The first presentation took place at the 15th EASN International Conference, held in October 2025 in Madrid. At this event, the ORCI team presented a poster describing the project’s methodology and the development of machine learning models designed to predict the future spacing between arriving aircraft. The poster introduced the overall research framework, including the use of operational data and the modelling approach used to estimate how spacing between aircraft may evolve during the arrival phase.

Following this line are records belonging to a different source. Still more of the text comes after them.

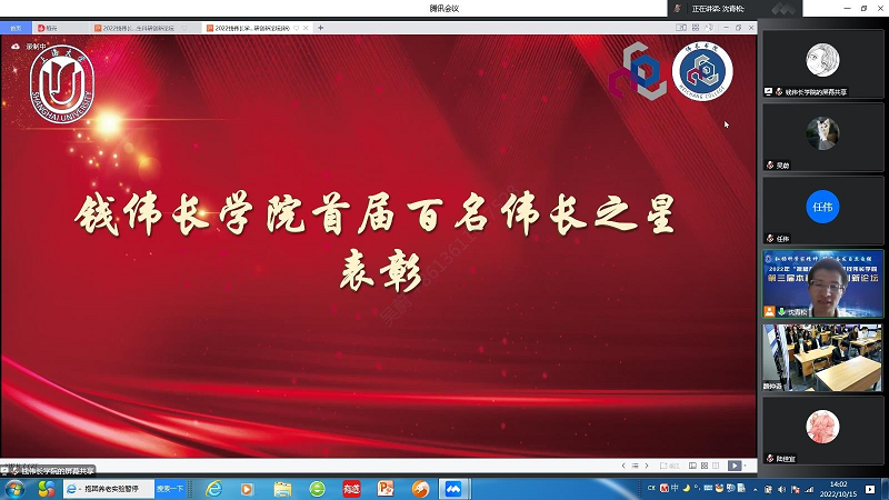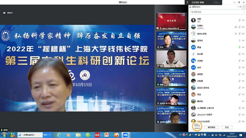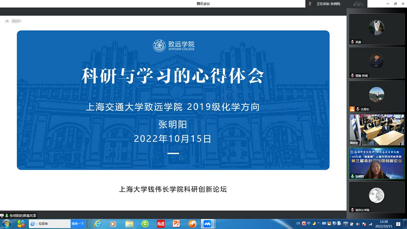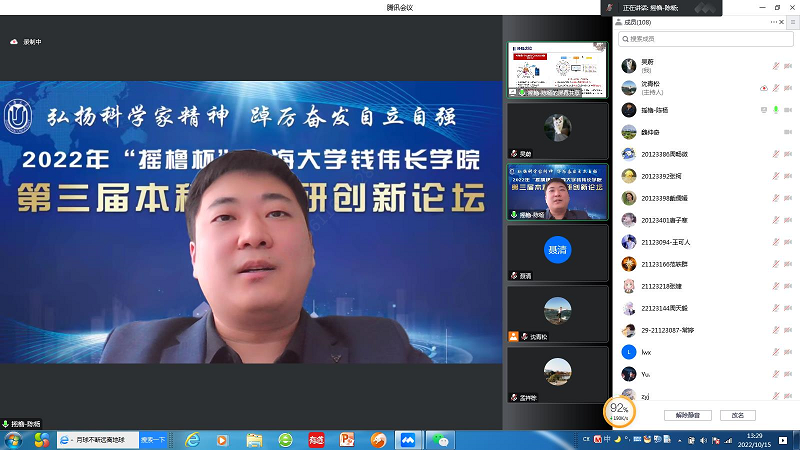 10月15日下午,弘扬科学家精神,踔厉奋发自立自强——2022年“摇橹杯”金沙集团1862cc成色钱伟长学院第三届本科生科研创新论坛举行,因受疫情影响,此次论坛采用线上与线下相结合的方式,并于伟长书院南区2号楼一楼西会议室设立分会场。此次论坛有幸邀请到上海摇橹仪器设备有限公司董事长兼总经理、钱伟长学院2009级校友陈杨,鸿之微科技(上海)股份有限公司董事长曹荣根,中国科学技术大学物理系教授、蔻享学术创始人兼首席科学家乔振华等企业资深专家,同时还邀请了上海交通大学致远学院本科生张明阳和金沙集团1862cc成色博士研究生陆佳宜作为分享嘉宾。金沙集团1862cc成色党委常委、副校长聂清,校学工办主任、武装部部长孟祥栋,校团委书记冯凌燕,钱伟长学院数学方向导师赵发友,物理方向项目主任杨国宏,力学方向导师宋亦诚、楚海建,化学方向项目主任、社区学院副院长许斌,化学方向导师邢菲菲,生命科学方向导师陈红霞,材料设计科学与工程方向导师席丽丽,钱伟长学院党委书记吴蔚,党委副书记、院长周全,副院长许新建、任伟线上出席了本次论坛。钱伟长学院辅导员组织各年级学生线上观摩了本次论坛。论坛由钱伟长学院党委副书记、副院长沈青松主持。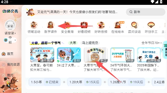 多元体系课程以儿童发展心理学和《指南》为理论根基,针对小中大班不同年龄段特点设计适配课程内容。课程资源丰富,包含1000+高质量互动课件,主题覆盖广泛,既涵盖五大领域、安全教育等基础核心板块,也融入24节气传统文化、幼小衔接过渡准备等实用高频主题,同时会根据社会热点动态实时更新相关内容。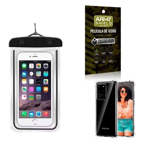 Conteúdo da embalagem: 1x - capinha bolsa prova d'água para celular impermeável. 1x - cordão para pescoço.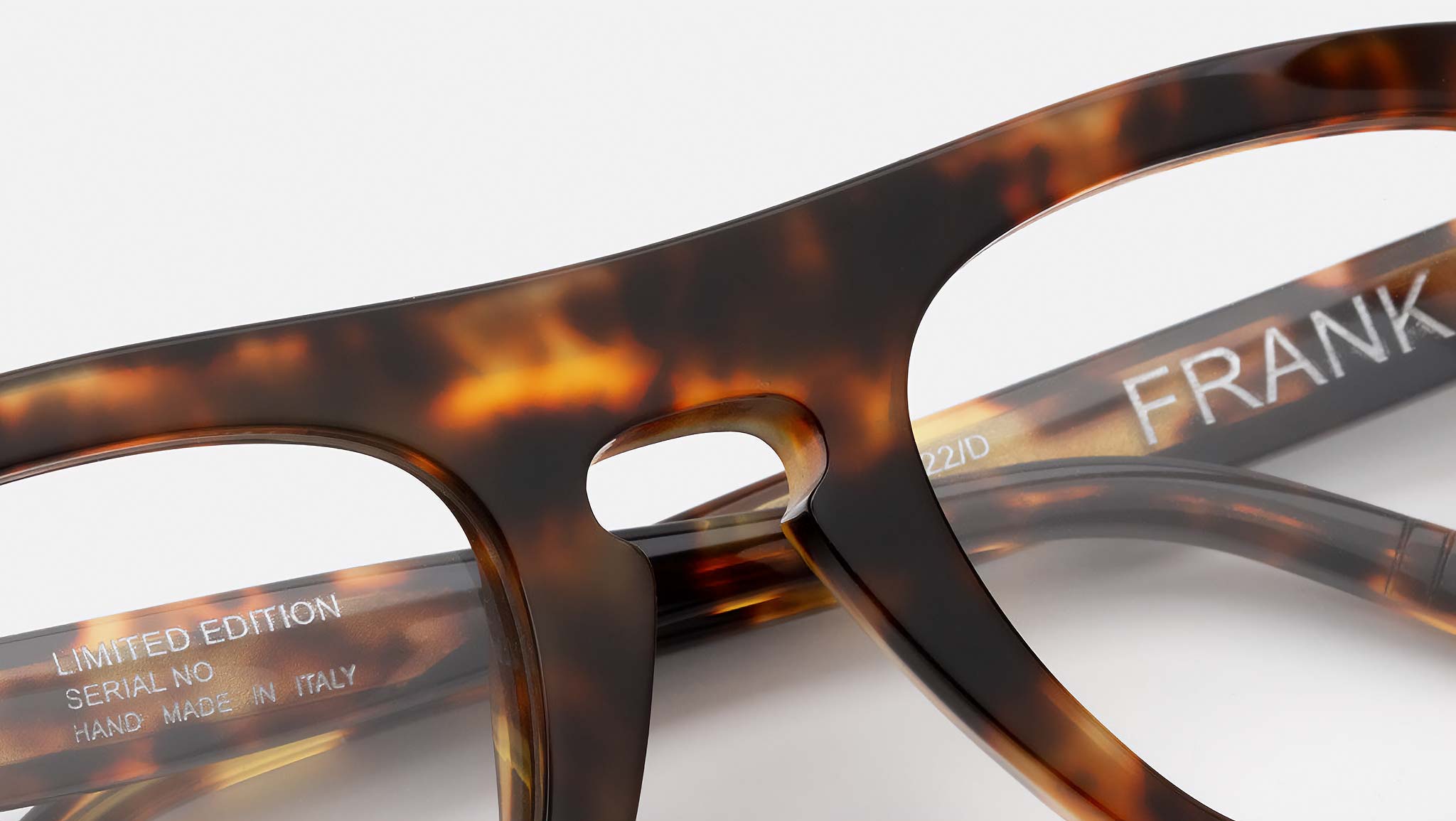 Frank ha una silhouette decisa e precisa, ispirata a forme maschili iconiche. Il modello richiama il lavoro dell'architetto americano Frank Lloyd Wright, con geometrie ben definite e dettagli angolari. La montatura si distingue per un audace ponte nasale e aste spesse, con ampi bordi che incorniciano le lenti squadrate. Questo occhiale deciso è pensato per chi è appassionato di creatività e design moderno. Il modello è realizzato in acetato color tabacco maculato. Dimensioni: larghezza lenti 51 mm, lunghezza aste 145 mm, codice prodotto FSW.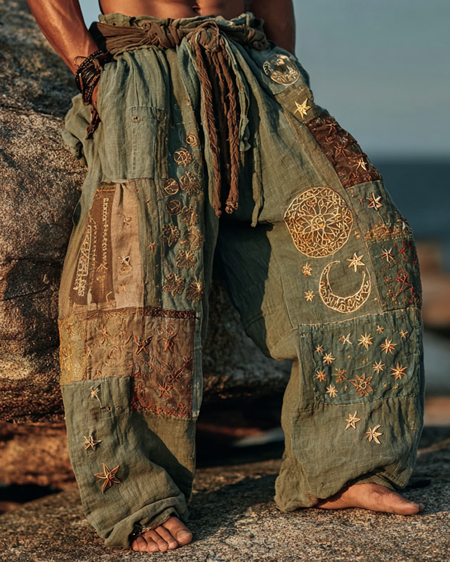 Men's Casual Star and Moon 3D Embroidered Linen Pants 4ab3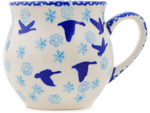 This Polish Pottery 8 oz Bubble Mug - Snowy Flight is handmade and handpainted by the Ceramika Bona factory in Boleslawiec, Poland.
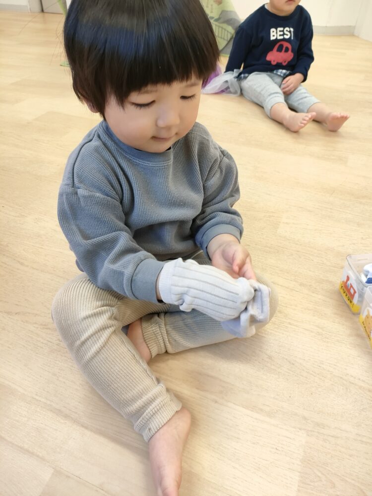 準備も自分でできるよ☺️靴下を履こうとがんばるお友だち🩷

Later in the year, ORCI was also presented at the SESAR Innovation Days 2025, one of the main European events dedicated to research and innovation in air traffic management. The poster presented at this event focused on the Human-in-the-Loop (HITL) validation activities planned within the project. These validations aim to assess the operational usefulness of the ORCI predictions by involving air traffic controllers in simulated scenarios where they can interact with the system and evaluate how the predictions support spacing management.

Both posters provide an overview of the ORCI project, including its objectives, the operational motivation behind aircraft spacing prediction, and the case studies used in the research.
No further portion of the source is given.